A major growth area in the renewable space is solar energy. With the increasing need for developing renewable energy in response to stringent environmental regulations, countries worldwide are relying on solar energy for electricity generation.

The solar industry rallied in 2013 after a tough spell from 2011. For 2014, the EIA projects that U.S. solar energy consumption will boom by roughly 35%. The expected increase in demand is likely to fuel top-line growth at the solar manufacturers.

Again, President Obama's new environmental plan, unveiled in Jun 2013, putting further limits on existing coal-fired plants, gave a shot in the arm to the U.S. solar sector. The President issued directives asking environmental regulators to set up carbon pollution standards for active plants. Coal generates about 40% of U.S. electricity and coal plants are the largest source of carbon emissions in the country.

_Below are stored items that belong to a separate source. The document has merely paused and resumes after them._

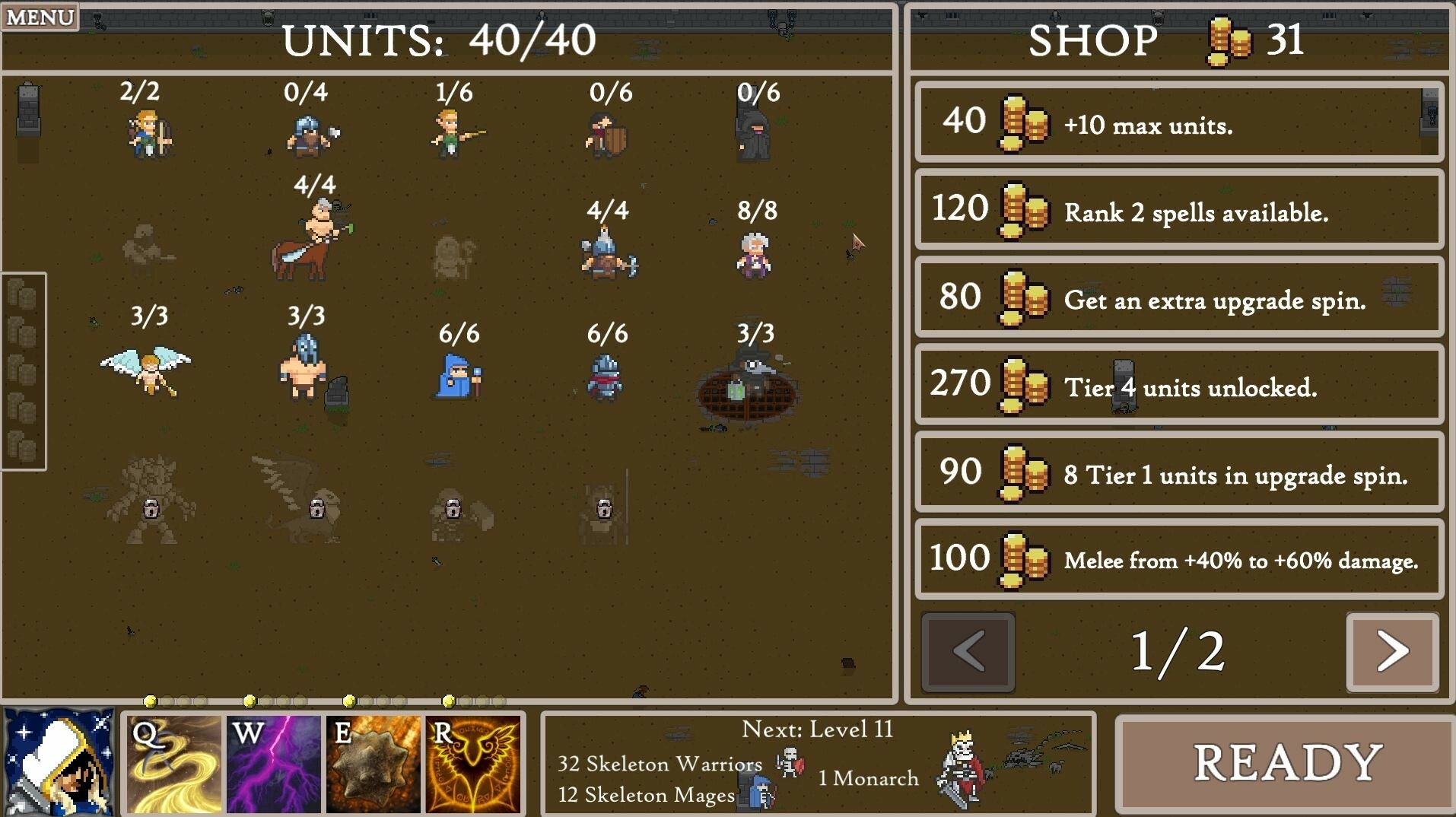The gameplay is perfectly on point. Kudos to the few sound effects. My wife turned when I started wiped swarms of the green monsters (and I’ve been slaughtering them as audibly as possible ever since, to catch her attention : Graphics have a 90s feel (or poor student project feel). Personally, I almost ran away after seeing some menu screenshots with blurry pixel art, typical sign of the $1 scam games that plague Steam. Make no mistake, it’s a real game, it’s great, the UI is optimized and very-well animated if a bit “raw”. There’s a variety of units, spells and strategies to try. Expect to see pretty much everything within 10 hours. Replayability is limited. The game has extra difficulty levels and adjustable modifiers (health/damages/range/etc…). You could stretch the playtime if you’re a completionist but it will get really repetitive. There’s ample room for new game modes to be added, ascension, campaign, sandbox, daily challenges.
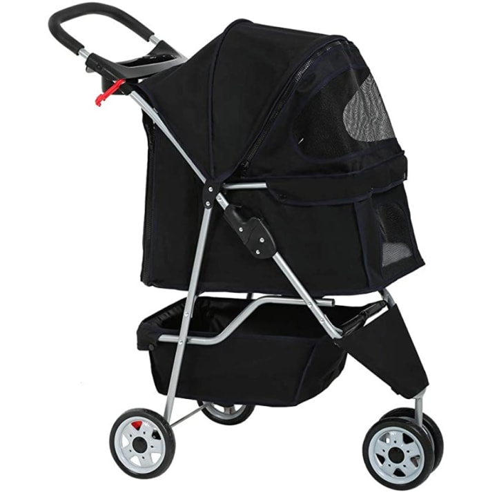 What sets this pet stroller apart is its user-friendly design. Assembly requires no tools and can be done in just a few minutes, making it incredibly convenient for busy pet owners. When you're done, the stroller easily collapses for hassle-free storage, making it perfect for travel and camping adventures. Its lightweight construction and simple folding mechanism make it a breeze to handle and transport.
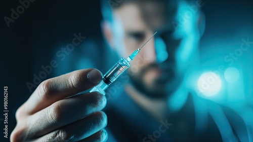 Close-up of a healthcare professional holding a syringe, emphasizing precision and readiness for medication or vaccination.
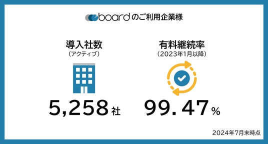 boardの有料登録をしてご利用くださっている企業やフリーランスの方は、2024年7月末時点で5,258社になりました。皆様のおかげで現在も増加中です。

Per the Solar Energy Industries Association (:SEIA), the U.S. trade association of approximately 1,000 companies in the solar energy industry, the U.S. solar energy industry grew 21% year over year to reach 1,133 megawatt (MW) in the second quarter of 2014. This marked the fourth-largest quarter of solar installations in the history of the market, buoyed by the utility solar PV market, which installed 625 MW in the quarter, up 15.1% year over year. In the first half of 2014, 53% of all new electricity generation came from solar energy.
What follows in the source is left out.